The difference is the the person holding the bet is paying out according to the tote price. If he is holding $10,000 in bets and his exposure is greater on a certain horse than he would like (one big bet), he can bet $5,000 into the tote pool to bring down his eventual payout and actually firm or ease certain horse prices on the tote.

It's a bit like dutch betting in reverse.
I'm sure that the big players have software which calculates exposure given pool size and odds, just like a dutch betting calculator.

Here's a small example:

Let's say a tote pool is hypothetically $148,000
The favourite is showing $3.60.
I'm holding $10,000 in bets on $3.60
But I'm only holding $4,000 on all other horses in the race.
If the horse wins I have to pay out $36,000
If I bet back $5,000 into the pool the new dividend becomes $3.30 or thereabouts.

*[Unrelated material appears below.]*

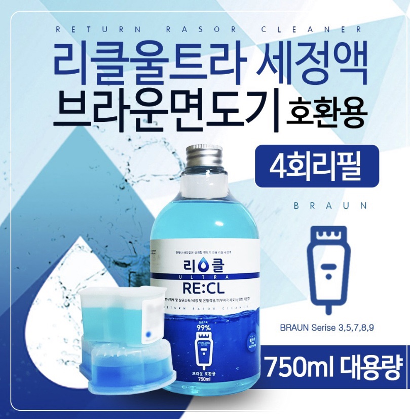 위 사진과 같은 세척 키트가 있다면 평소에 면도 후 세척버튼만 눌러주면 되는데 만약 세척 키트가 없다면 세척액 리필을 구입해서 작은 통에 담아 이용할 수도 있습니다.

So instead of having to pay out $36,000 I have to pay out $33,000 but also win back $11,500 for myself in bets (profit), so my exposure has gone from payout of $36,000 on horse A to $33,000 less $11,500 in winnings, so $21,500 exposure.
Betting back into the pool, I've saved myself $14,500 in payouts and still win $5,000 on that horse if it loses.



[ This Message was edited by: Chrome Prince on 2004-04-29 11:55 ]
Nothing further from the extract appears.